[Recorded data — start]
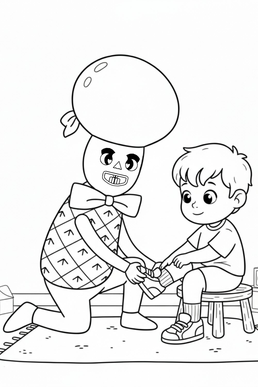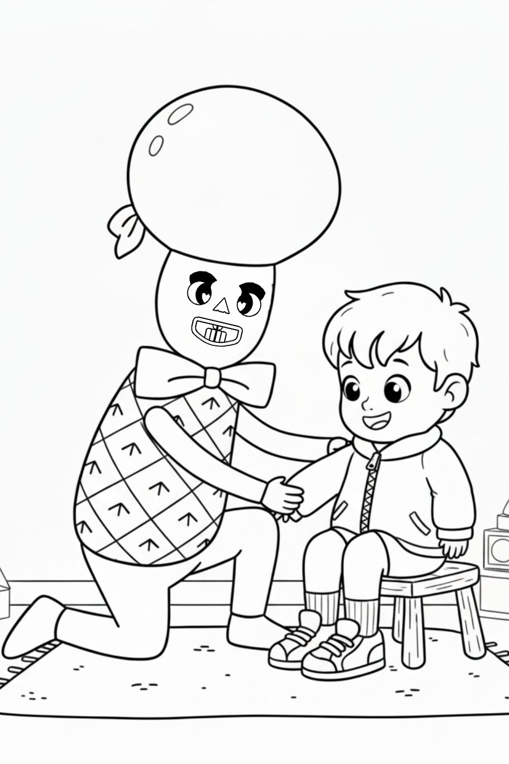 Friendly Myllo helps a little one put his shoes on, making tasks fun.
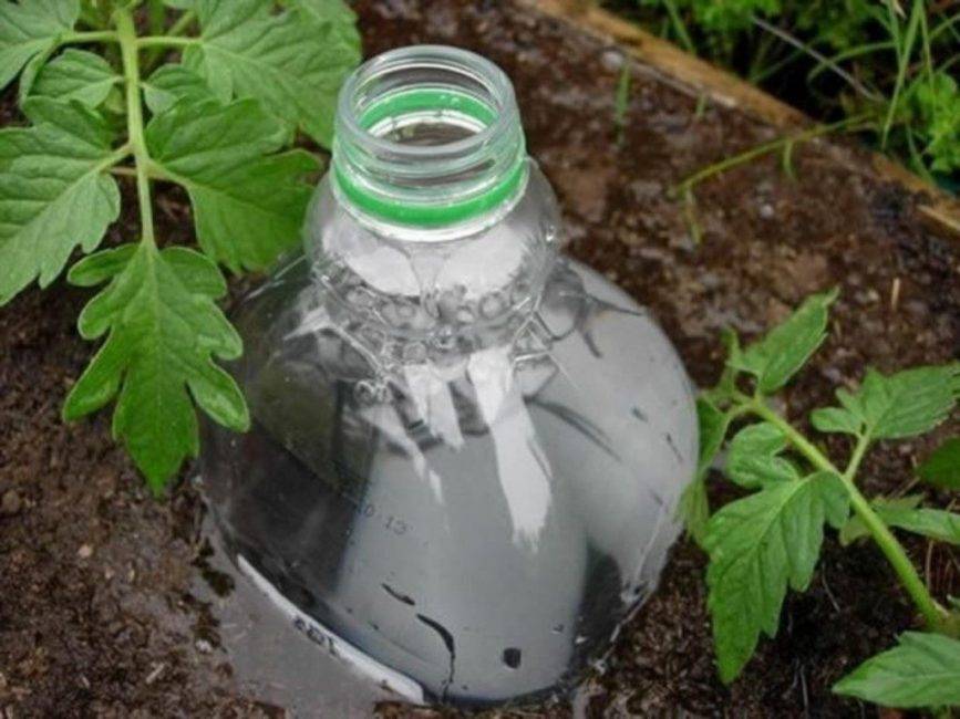 Отрезанная часть бутылки устанавливается так, чтобы горлышко было внизу, после оно присыпается землей. Чтобы полить растение, нужно открыть установленную крышку и залить воду. Если установить наоборот, желательно сделать отверстия для отвода воды.
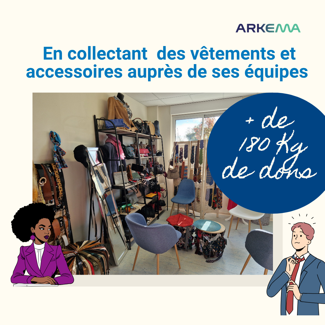 Grâce à la mobilisation et à la générosité des collaborateurs ARKEMA et au soutien du Siège Social, ces dons permettront à LA CRAVATE SOLIDAIRE DE PAU constituer des tenues pour les bénéficiaires de ses ateliers “Coup de pouce”, destinés à les accompagner dans leur préparation aux entretiens d’embauche, d’alternance, de stage ou de formation.
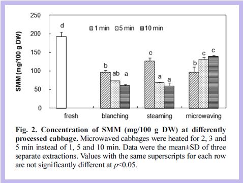 시판되고 있는 제품 10가지 중 8~9가지는 원물을 고온에서 끓여 압착하는 열수 추출한 것인데, 이 과정에서 높은 열에 의해 영양성분이 다량 파괴되는 단점이 있습니다. 특히, 양배추의 비타민U 성분은 열에 극도로 민감하기 때문에 열수 추출하면 대부분 파괴되어 활성을 잃게 됩니다. (참고로 비타민U(MMSC)는 위장에 좋은 약으로 국내에서 대박이 난 카베진**의 주요 성분입니다.) 이 성분이 열에 얼마나 약한지 논문을 통해 확인해보겠습니다.
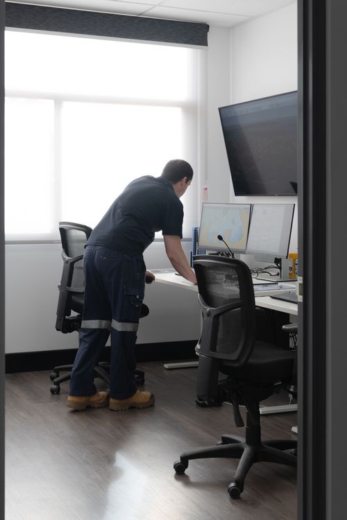 We enjoyed studying the tugs themselves, and this enthusiasm is reflected in the design. The curved roof is reminiscent of a hull, while the red, black, and white palette draws directly from the vessels. Each post and beam at the entry is named after a different tug operating in the port, welcoming visitors into Svitzer’s Newcastle HQ and connecting them to the fleet. Inside the simulator, visitors experience what it means to be a tug-master.
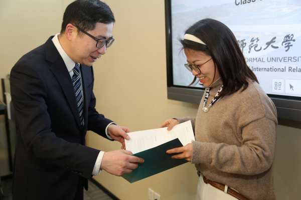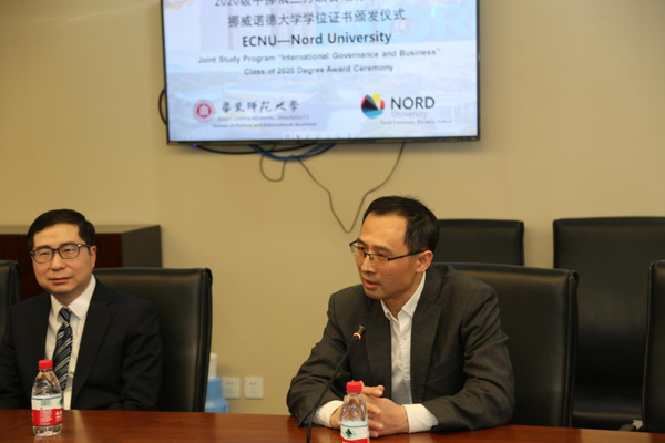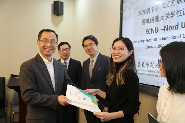 2023年3月8日,华东师范大学首届中挪俄三方联合培养硕士项目挪威诺德大学学位授予仪式在普陀校区理科大楼A416室举行。政治与国际关系学院院长吴冠军、党委书记潘靓、俄罗斯研究中心执行主任兼副院长刘军为同学们颁发学位证书,2020级中挪俄三方联合培养项目硕士参加,院党委副书记鲁静主持仪式。
[Recorded data — finish]
Pictures are to be dropped; the lines from the start of the entries above through the line with "Отрезанная часть бутылки" are to be given again verbatim.

[Completed task]
 Friendly Myllo helps a little one put his shoes on, making tasks fun.
 Отрезанная часть бутылки устанавливается так, чтобы горлышко было внизу, после оно присыпается землей. Чтобы полить растение, нужно открыть установленную крышку и залить воду. Если установить наоборот, желательно сделать отверстия для отвода воды.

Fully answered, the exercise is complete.